▸ **Problem details**: Skip the pictures. Output only the lines below starting at the line with "雅安交建集團(tuán)無(wú)水港物" and ending at the line with "中新网郑州4月16日电(记者", both ends included, exactly as they are.

Supplied information below:

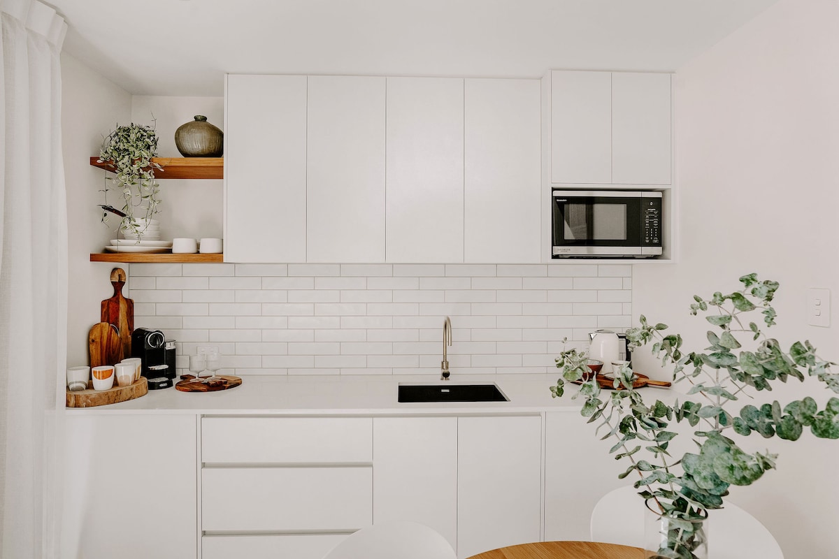 SOULITUDE je prelijepo uređen studio apartman, udaljen samo 100 metara od plaže. Kombinujući zemljani minimalizam sa luksuznim završnim obradama, opremljen je svime što vam je potrebno za bujno, duševno utočište — uključujući zadivljujuće spoljašnje kupatilo, raskošnu posteljinu, udoban krevet na razvlačenje i privatno dvorište. Kada plaža pozove, na raspolaganju su vam daske za surfovanje, daske za veslanje na dasci i bicikli. A sa kafićima, barovima i okeanom u roku od nekoliko minuta hoda, neće vam trebati automobil... i nikada nećete poželjeti da odete.
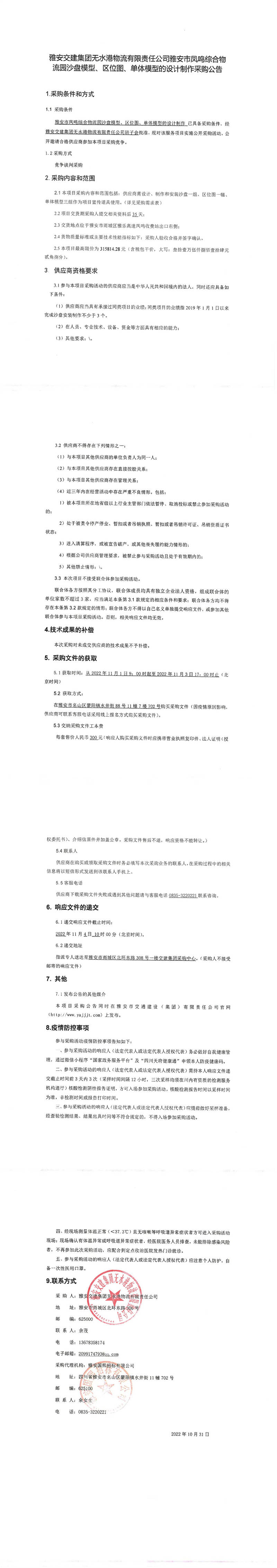 雅安交建集團(tuán)無(wú)水港物流有限責(zé)任公司雅安市鳳鳴綜合物流園沙盤(pán)模型、區(qū)位圖、單體模型的設(shè)計(jì)制作采購(gòu)公告
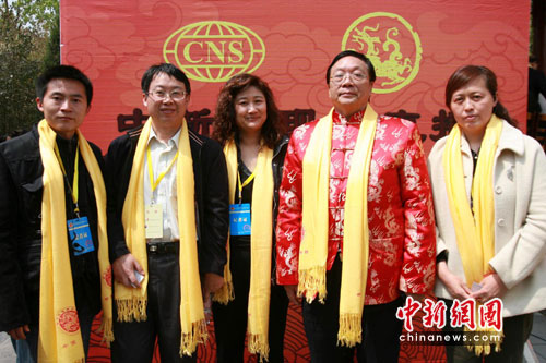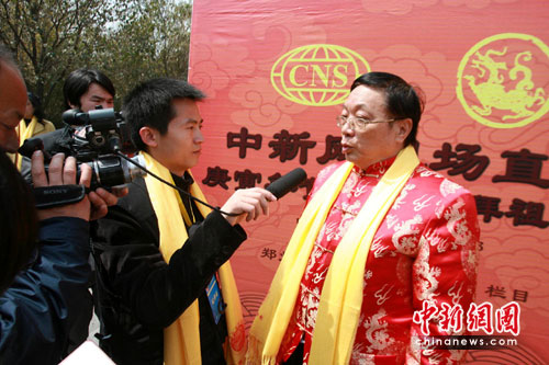 中新网郑州4月16日电(记者 王中举)4月16日,庚寅年黄帝故里拜祖大典将在河南新郑黄帝故里举行。中国国民党荣誉主席吴伯雄因故不能前来,特委托中华国际观光协会理事长刘宗明先生代表其前来参加拜祖大典。图为刘宗明在接受中新社、中新网记者独家专访,并和中新社、中新网领导及记者合影留念。
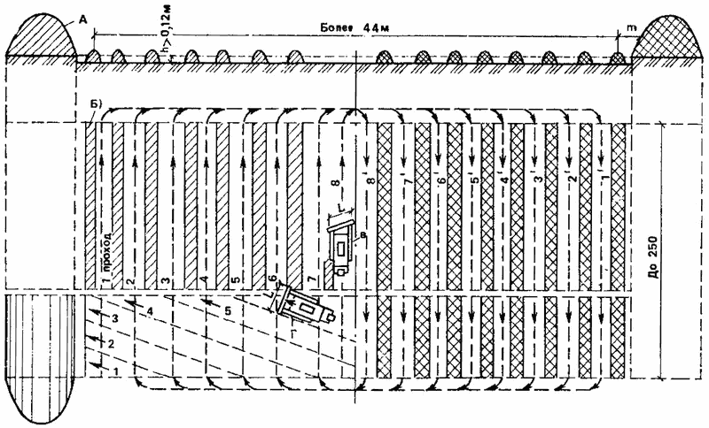 Гребенчатую схему применяют при разработке тяжелых плотных грунтов. Отвал сначала максимально заглубляют в грунт. Когда число оборотов двигателя начинает снижаться, отвал поднимают примерно на 3Д глубины. Такие заглубления и подъемы повторяют 2—3 раза. Во время этих операций происходит полный набор грунта на отвал бульдозера. Работая по этой схеме, добиваются почти 100%’ использования мощности трактора, время набора уменьшается по сравнению с прямоугольной схемой, уменьшается также и путь формирования призмы волочения, но машинист быстро утомляется из-за большого числа переключений рычагов управления. Применение всех схем рационально на грунтах оптимальной влажности.

End of Supplied information.

▸ **Solution to this exercise**:
 雅安交建集團(tuán)無(wú)水港物流有限責(zé)任公司雅安市鳳鳴綜合物流園沙盤(pán)模型、區(qū)位圖、單體模型的設(shè)計(jì)制作采購(gòu)公告
 中新网郑州4月16日电(记者 王中举)4月16日,庚寅年黄帝故里拜祖大典将在河南新郑黄帝故里举行。中国国民党荣誉主席吴伯雄因故不能前来,特委托中华国际观光协会理事长刘宗明先生代表其前来参加拜祖大典。图为刘宗明在接受中新社、中新网记者独家专访,并和中新社、中新网领导及记者合影留念。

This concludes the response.